▶ **Prompt**
Each line of data below must be printed exactly as written, with any pictures removed.
---------- Records for the exercise ----------
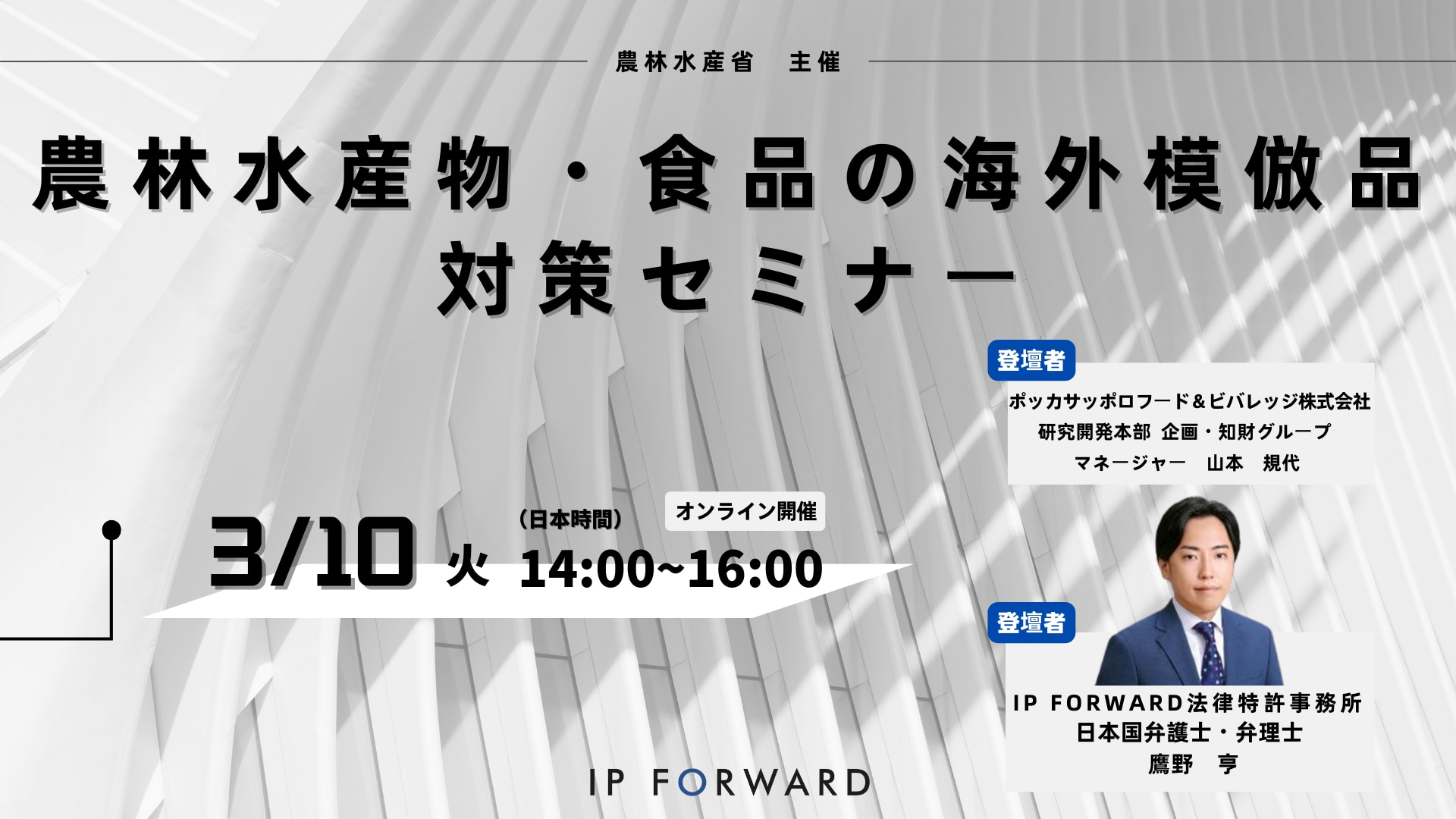 本セミナーでは、ポッカサッポロフード&ビバレッジ株式会社の⼭本様にご登壇いただき、飲⾷品における模倣品対策などの取り組み事例についてご講演をいただくとともに、最新の模倣品の被害状況や実際の相談事例を基に被害を受けた際の対策を分かりやすく解説しますので、ぜひご参加ください。
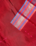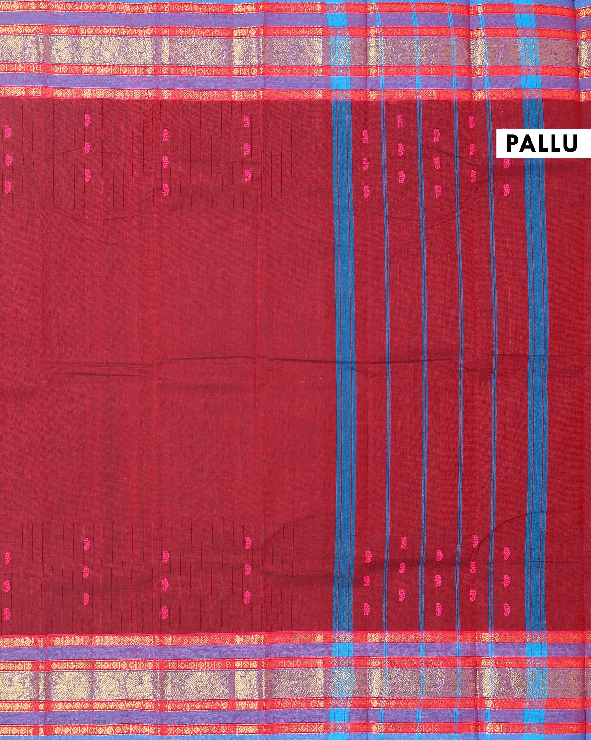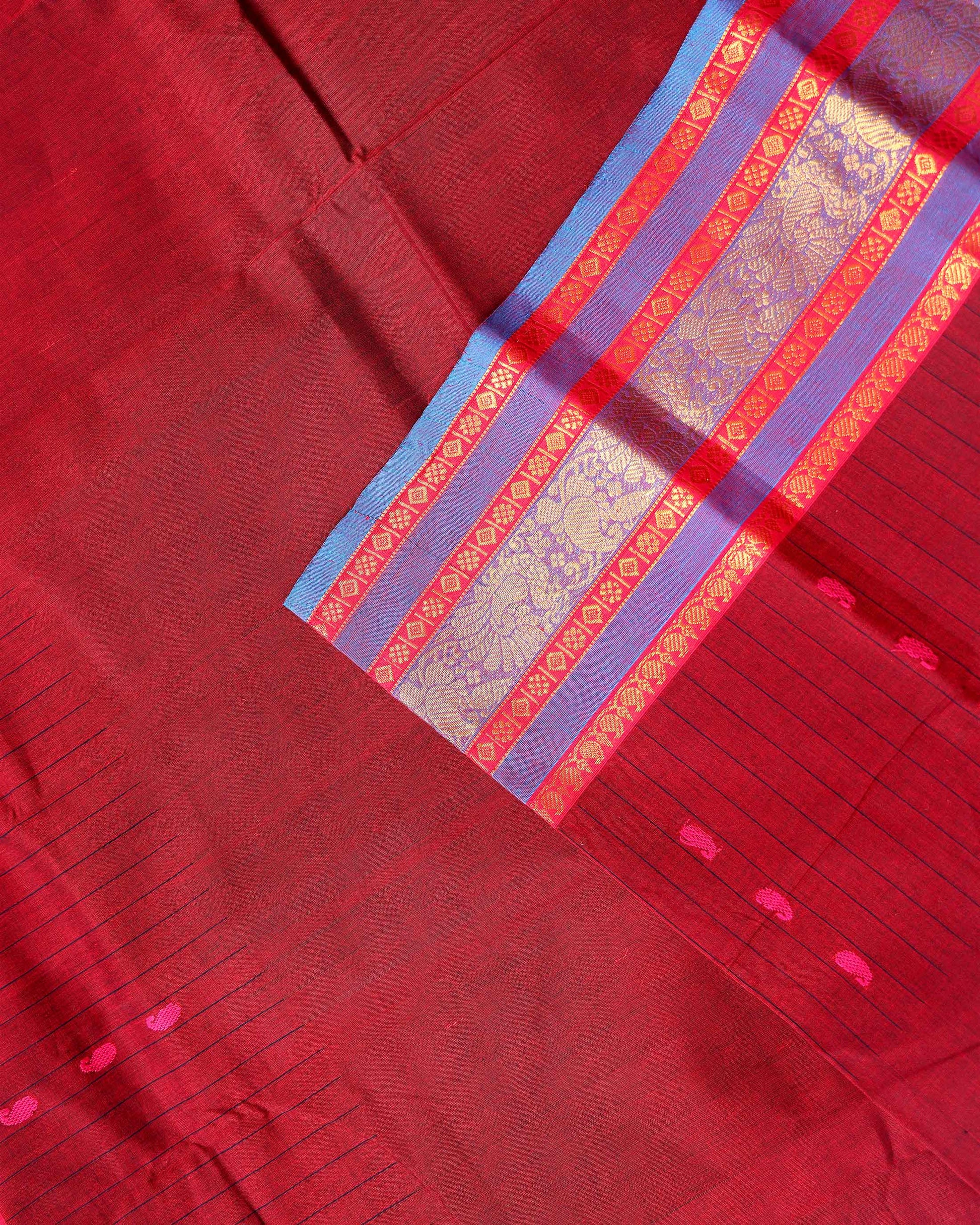 - This handwoven Chettinad cotton saree in Maroon a traditional striped body and a vibrant double-contrast border with intricate peacock and floral motifs.
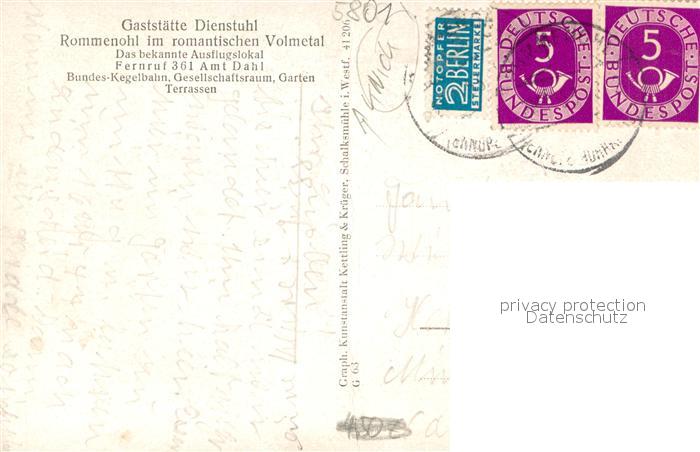 73698822 alte Postkarte Rummenohl Gaststaette Dienstuhl Terrasse postalisch gelaufen Erhaltung siehe scans [LiesaD40] KatCode: 11110005914000
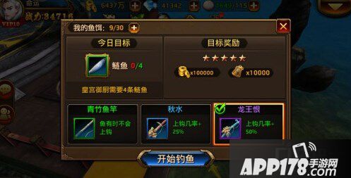 3,鱼饵:每日钓鱼次数有限,想混水摸鱼的玩家可以提升VIP等级,VIP等级越高,钓鱼次数越多。
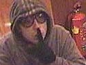 ca. 20-25 Jahre alt, ca. 170 cm, schlank, rundes Gesicht, dunkler Teint, war bekleidet mit einer dunkelgrünen Kapuzenjacke (helle Streifen auf Kapuze), blauer Jeanshose, dunklen Schuhen, schwarzen Handschuhen, maskiert mit einer Sonnenbrille mit dunklen Gläsern.
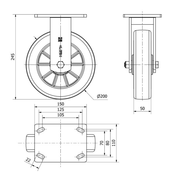 Rueda poliuretano fija Alex diametro 200 mm. modelo 2-4192
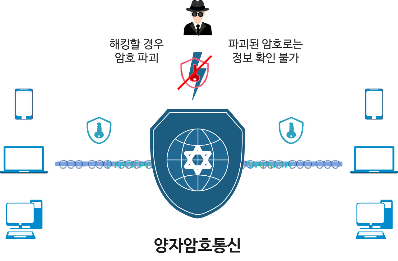현재 통신망은 신호 줄기의 끊김과 이어짐으로디지털 신호인 ‘0’과 ‘1’을 구분해서 데이터를 주고받는다. 보안을 위해암호키를 사용하지만 유출되면 관련 정보가 빠져나갈 수 있다.
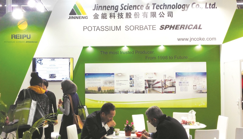 歐洲食品配料展會上,深含中國古典元素的公司布展吸引眾多客戶前來參觀洽談,好評如潮。(圖為業務人
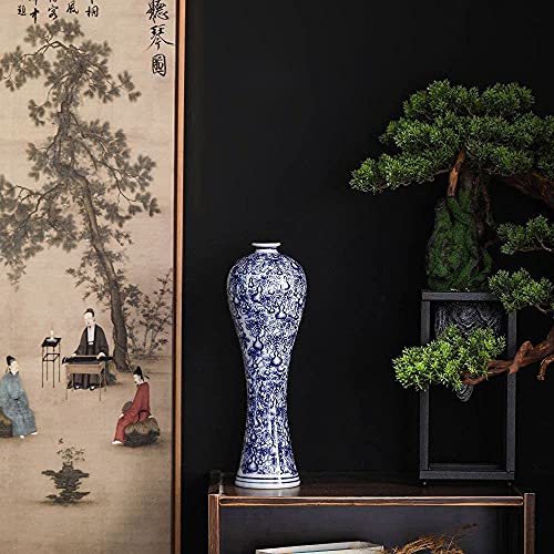 LANLONG Vaso di ceramica in porcellana blu e bianca cinese fatto a mano decorativo vaso di fiori per soggiorno, decorazione della casa, ufficio, centrotavol(33cm)
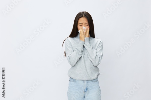 Asian woman holding hand with handkerchief and coughing up flu and cold, stuffy nose viral disease asthma and allergies covid 19 white background
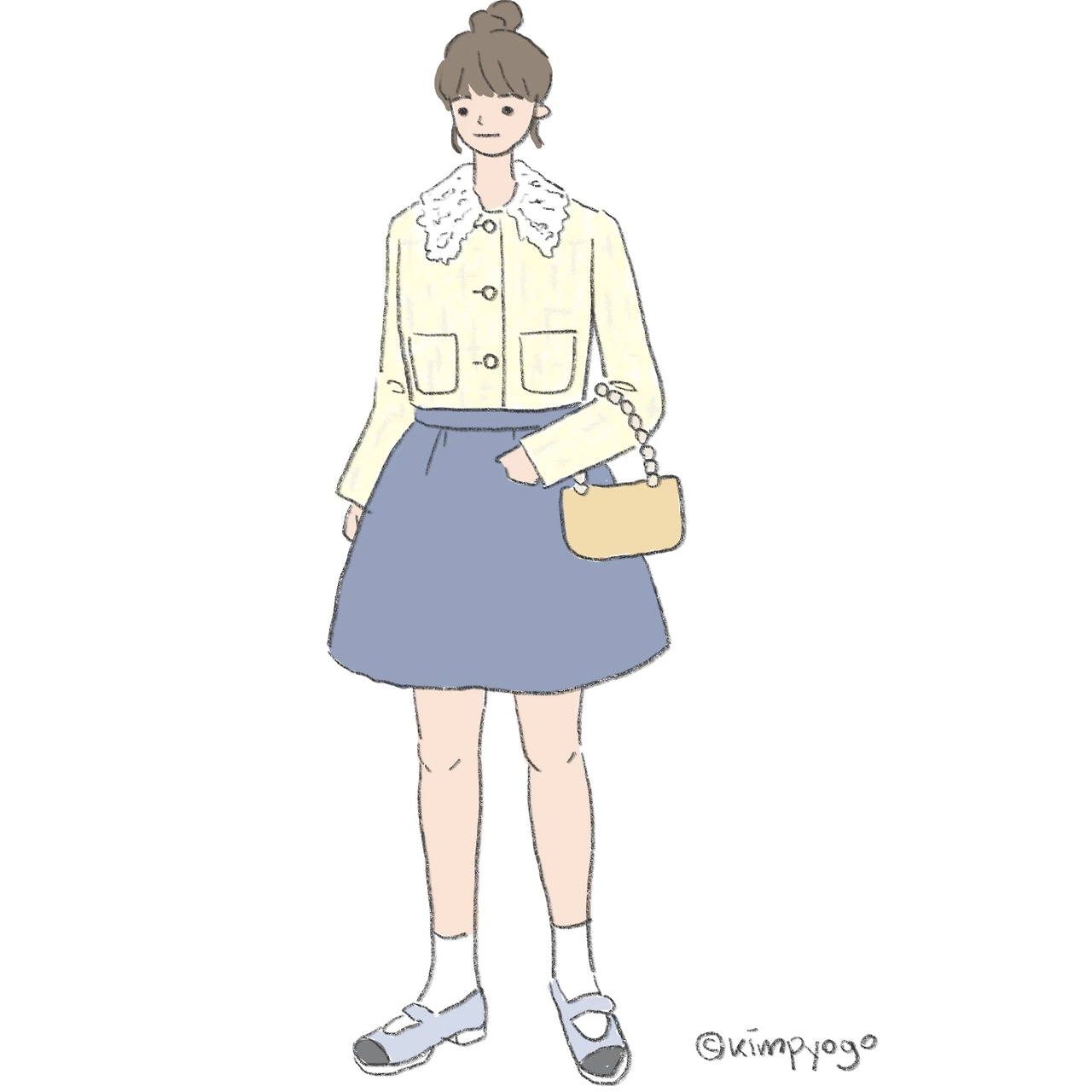 아마 80년대 생이신 분들이라면 기억하실 텐데요. 영화 '클루리스'에서 주인공이 내내 Young & Rich 콘셉트의 옷을 잔뜩 입고 나왔었지요. 그 영화를 2022년 스타일로 리메이크한다면 위의 그림처럼 입으면 딱일 거 같아요. 미니 원피스로도 입을 수 있는 기장의 롱 트위드 재킷을 경쾌한 컬러의 반바지와 매치하고 굽이 있는 로퍼에 반스타킹을 매치해 스쿨걸 느낌도 한 방울 톡! 20대로 돌아간다면 도전해보고 싶은 룩입니다. 헤헷
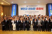 뉴스다 류대현 기자 | 부안군체육회는 지난 3일 K컨벤션웨딩홀에서 내ㆍ외빈과 체육관계자 등 200여명이 참석한 가운데 “제62회 전북특별자치도민체육대회” 선수단 출정식을 개최했다. 부안군에서 35개종목 800여명의 선수단이 참가하며 올해는 종합6위의 성적을 목표로 하고 있다. 권익현 부안군수와 박병래 부안군의회의장은 축사에서 “폭염속에서도 부안군의 명예를 높이기 위해 피나는 훈련을 한 선수들의 노고를 치하하고, 우수한 성적을 기대한다”며 힘찬응원을 전했다. 선수단장인 전동일 체육회장은 “선수와 임원 모두가 부안군을 대표한다는 자긍심을 가지고 대회에 참가하는 만큼, 최선을 다해 좋은 결과로 부안군의 위상을 높이겠다”며 결의를 다졌다. 한편, 제62회 전북특별자치도민체육대회는 12일부터 14일까지 고창군 일원에서 열린다
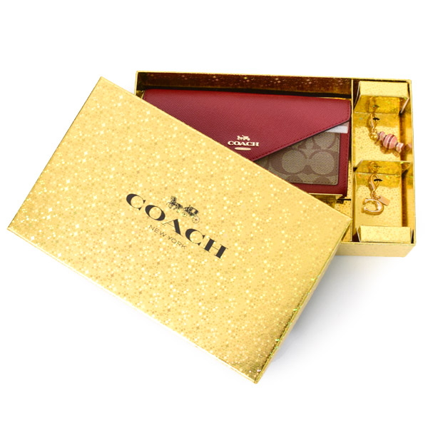 日本未発売♪2種類のチャームが付属した珍しい長財布セットを買い付けました!専用BOX付きなのでギフトにピッタリ!上品な印象で幅広い年齢層の女性に人気のレッドカラーとカーキカラーの組み合わせは入手困難*キャンディーのチャームが特にキュート♪見た目だけではなく、内側はカードケースやポケットなどの収納面も豊富で、財布の中もすっきり整頓させたい方にオススメ◎ギフトにも喜ばれそうなアイテムです♪本日16時までの注文は即日出荷!もちろん全品送料無料!お客様の顔を思い浮かべ真心込めて梱包いたします!アメリカのコーチファクトリーより入荷の新品本物の商品ですのでどうぞご安心してお買い求めくださいませ。
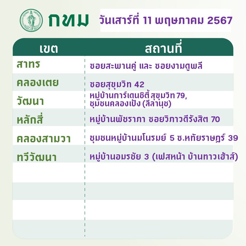 กรุงเทพมหานคร นัดทิ้ง นัดเก็บ ขยะชิ้นใหญ่ วันที่ 11 – 12 พ.ค. 67 ข่าวสารกิจกรรม กรุงเทพมหานคร นัดทิ้ง นัดเก็บ ขยะชิ้นใหญ่ วันที่ 11 – 12 พ.ค. 67 กรุงเทพมหานคร นัดทิ้ง นัดเก็บ ขยะชิ้นใหญ่ วันที่ 11 – 12 พฤษภาคม 2567 ตั้งแต่เวลา 09.00 – 12.00 น. ทุกสำนักงานเขตให้บริการฟรี โดยไม่มีค่าใช้จ่าย ติดตามข่าวสาร นัดทิ้ง นัดเก็บ ขยะชิ้นใหญ่ ทุกเสาร์ – อาทิตย์ ได้ที่https://pr-bangkok.com/?page_id=564 https://www.facebook.com/prbangkok/ https://twitter.com/pr_bangkok ที่มา : https://citly.me/6acGA Post Views: 89 FacebookFacebookXTwitterLINELine
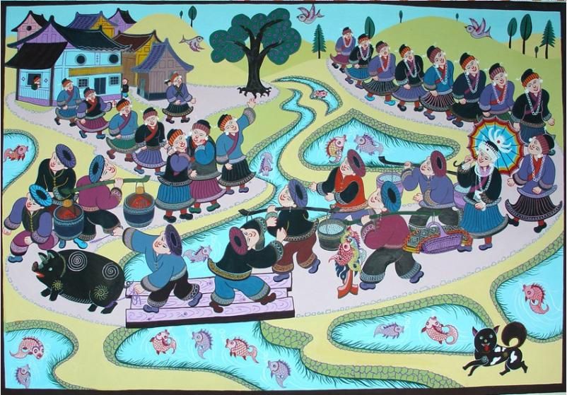 劍河現(xiàn)代民間繪畫(huà)源于傳統(tǒng)的苗族刺繡文化,是苗族刺繡文化的另一種表現(xiàn)形式和藝術(shù)升華。傳統(tǒng)的苗族文化多以服飾、歌舞為載體,并以刺繡及演唱等形式進(jìn)行表現(xiàn)和傳承。早期劍河現(xiàn)代民間畫(huà)即脫胎于具有適用性的苗族刺繡樣稿——剪紙和手繪刺繡粉本,換言之,手繪的苗族刺繡粉本便是劍河現(xiàn)代民間繪畫(huà)的雛形,劍河第一批優(yōu)秀的現(xiàn)代民間畫(huà)作者,即是原當(dāng)?shù)厥掷L粉本的能工巧匠。劍河現(xiàn)代民間繪畫(huà)多以苗族神話傳說(shuō)中的故事情節(jié)和民俗節(jié)日、生產(chǎn)活動(dòng)等內(nèi)容為題材入畫(huà),素材涵蓋自然界花鳥(niǎo)蟲(chóng)魚(yú)及人物、家畜等具體形象,造型稚拙天真,設(shè)色濃艷,對(duì)比強(qiáng)烈。作品傳達(dá)出典型的地域民俗氣息及濃厚的鄉(xiāng)土味,便是其標(biāo)志性特征。
----------
▶ **Answer box**
 本セミナーでは、ポッカサッポロフード&ビバレッジ株式会社の⼭本様にご登壇いただき、飲⾷品における模倣品対策などの取り組み事例についてご講演をいただくとともに、最新の模倣品の被害状況や実際の相談事例を基に被害を受けた際の対策を分かりやすく解説しますので、ぜひご参加ください。
 - This handwoven Chettinad cotton saree in Maroon a traditional striped body and a vibrant double-contrast border with intricate peacock and floral motifs.
 73698822 alte Postkarte Rummenohl Gaststaette Dienstuhl Terrasse postalisch gelaufen Erhaltung siehe scans [LiesaD40] KatCode: 11110005914000
 3,鱼饵:每日钓鱼次数有限,想混水摸鱼的玩家可以提升VIP等级,VIP等级越高,钓鱼次数越多。
 ca. 20-25 Jahre alt, ca. 170 cm, schlank, rundes Gesicht, dunkler Teint, war bekleidet mit einer dunkelgrünen Kapuzenjacke (helle Streifen auf Kapuze), blauer Jeanshose, dunklen Schuhen, schwarzen Handschuhen, maskiert mit einer Sonnenbrille mit dunklen Gläsern.
 Rueda poliuretano fija Alex diametro 200 mm. modelo 2-4192
현재 통신망은 신호 줄기의 끊김과 이어짐으로디지털 신호인 ‘0’과 ‘1’을 구분해서 데이터를 주고받는다. 보안을 위해암호키를 사용하지만 유출되면 관련 정보가 빠져나갈 수 있다.
 歐洲食品配料展會上,深含中國古典元素的公司布展吸引眾多客戶前來參觀洽談,好評如潮。(圖為業務人
 LANLONG Vaso di ceramica in porcellana blu e bianca cinese fatto a mano decorativo vaso di fiori per soggiorno, decorazione della casa, ufficio, centrotavol(33cm)
 Asian woman holding hand with handkerchief and coughing up flu and cold, stuffy nose viral disease asthma and allergies covid 19 white background
 아마 80년대 생이신 분들이라면 기억하실 텐데요. 영화 '클루리스'에서 주인공이 내내 Young & Rich 콘셉트의 옷을 잔뜩 입고 나왔었지요. 그 영화를 2022년 스타일로 리메이크한다면 위의 그림처럼 입으면 딱일 거 같아요. 미니 원피스로도 입을 수 있는 기장의 롱 트위드 재킷을 경쾌한 컬러의 반바지와 매치하고 굽이 있는 로퍼에 반스타킹을 매치해 스쿨걸 느낌도 한 방울 톡! 20대로 돌아간다면 도전해보고 싶은 룩입니다. 헤헷
 뉴스다 류대현 기자 | 부안군체육회는 지난 3일 K컨벤션웨딩홀에서 내ㆍ외빈과 체육관계자 등 200여명이 참석한 가운데 “제62회 전북특별자치도민체육대회” 선수단 출정식을 개최했다. 부안군에서 35개종목 800여명의 선수단이 참가하며 올해는 종합6위의 성적을 목표로 하고 있다. 권익현 부안군수와 박병래 부안군의회의장은 축사에서 “폭염속에서도 부안군의 명예를 높이기 위해 피나는 훈련을 한 선수들의 노고를 치하하고, 우수한 성적을 기대한다”며 힘찬응원을 전했다. 선수단장인 전동일 체육회장은 “선수와 임원 모두가 부안군을 대표한다는 자긍심을 가지고 대회에 참가하는 만큼, 최선을 다해 좋은 결과로 부안군의 위상을 높이겠다”며 결의를 다졌다. 한편, 제62회 전북특별자치도민체육대회는 12일부터 14일까지 고창군 일원에서 열린다
 日本未発売♪2種類のチャームが付属した珍しい長財布セットを買い付けました!専用BOX付きなのでギフトにピッタリ!上品な印象で幅広い年齢層の女性に人気のレッドカラーとカーキカラーの組み合わせは入手困難*キャンディーのチャームが特にキュート♪見た目だけではなく、内側はカードケースやポケットなどの収納面も豊富で、財布の中もすっきり整頓させたい方にオススメ◎ギフトにも喜ばれそうなアイテムです♪本日16時までの注文は即日出荷!もちろん全品送料無料!お客様の顔を思い浮かべ真心込めて梱包いたします!アメリカのコーチファクトリーより入荷の新品本物の商品ですのでどうぞご安心してお買い求めくださいませ。
 กรุงเทพมหานคร นัดทิ้ง นัดเก็บ ขยะชิ้นใหญ่ วันที่ 11 – 12 พ.ค. 67 ข่าวสารกิจกรรม กรุงเทพมหานคร นัดทิ้ง นัดเก็บ ขยะชิ้นใหญ่ วันที่ 11 – 12 พ.ค. 67 กรุงเทพมหานคร นัดทิ้ง นัดเก็บ ขยะชิ้นใหญ่ วันที่ 11 – 12 พฤษภาคม 2567 ตั้งแต่เวลา 09.00 – 12.00 น. ทุกสำนักงานเขตให้บริการฟรี โดยไม่มีค่าใช้จ่าย ติดตามข่าวสาร นัดทิ้ง นัดเก็บ ขยะชิ้นใหญ่ ทุกเสาร์ – อาทิตย์ ได้ที่https://pr-bangkok.com/?page_id=564 https://www.facebook.com/prbangkok/ https://twitter.com/pr_bangkok ที่มา : https://citly.me/6acGA Post Views: 89 FacebookFacebookXTwitterLINELine
 劍河現(xiàn)代民間繪畫(huà)源于傳統(tǒng)的苗族刺繡文化,是苗族刺繡文化的另一種表現(xiàn)形式和藝術(shù)升華。傳統(tǒng)的苗族文化多以服飾、歌舞為載體,并以刺繡及演唱等形式進(jìn)行表現(xiàn)和傳承。早期劍河現(xiàn)代民間畫(huà)即脫胎于具有適用性的苗族刺繡樣稿——剪紙和手繪刺繡粉本,換言之,手繪的苗族刺繡粉本便是劍河現(xiàn)代民間繪畫(huà)的雛形,劍河第一批優(yōu)秀的現(xiàn)代民間畫(huà)作者,即是原當(dāng)?shù)厥掷L粉本的能工巧匠。劍河現(xiàn)代民間繪畫(huà)多以苗族神話傳說(shuō)中的故事情節(jié)和民俗節(jié)日、生產(chǎn)活動(dòng)等內(nèi)容為題材入畫(huà),素材涵蓋自然界花鳥(niǎo)蟲(chóng)魚(yú)及人物、家畜等具體形象,造型稚拙天真,設(shè)色濃艷,對(duì)比強(qiáng)烈。作品傳達(dá)出典型的地域民俗氣息及濃厚的鄉(xiāng)土味,便是其標(biāo)志性特征。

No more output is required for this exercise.